DESCRIPTION OF THE TASK →
Print the lines in the listing below starting at the line with "Pear form body" and ending at the line with "Modern-day Girona. Joyce’s", both included. Reproduce them exactly and omit every picture.

PROVIDED MATERIAL START

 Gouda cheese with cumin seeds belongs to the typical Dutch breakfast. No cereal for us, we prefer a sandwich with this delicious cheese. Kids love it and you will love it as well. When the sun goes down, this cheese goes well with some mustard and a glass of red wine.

PROVIDED MATERIAL END
PROVIDED MATERIAL START

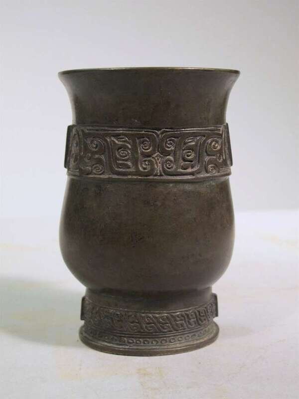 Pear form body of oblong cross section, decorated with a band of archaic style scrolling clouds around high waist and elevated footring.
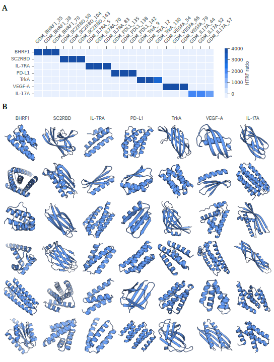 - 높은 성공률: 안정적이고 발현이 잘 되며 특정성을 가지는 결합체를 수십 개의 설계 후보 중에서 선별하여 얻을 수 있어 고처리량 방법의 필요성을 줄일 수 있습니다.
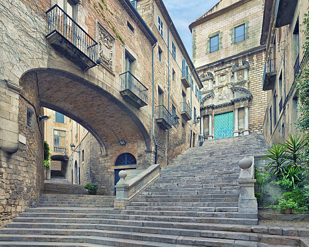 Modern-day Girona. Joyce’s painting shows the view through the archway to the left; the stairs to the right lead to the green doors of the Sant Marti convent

PROVIDED MATERIAL END

WORKED SOLUTION →
 Pear form body of oblong cross section, decorated with a band of archaic style scrolling clouds around high waist and elevated footring.
 - 높은 성공률: 안정적이고 발현이 잘 되며 특정성을 가지는 결합체를 수십 개의 설계 후보 중에서 선별하여 얻을 수 있어 고처리량 방법의 필요성을 줄일 수 있습니다.
 Modern-day Girona. Joyce’s painting shows the view through the archway to the left; the stairs to the right lead to the green doors of the Sant Marti convent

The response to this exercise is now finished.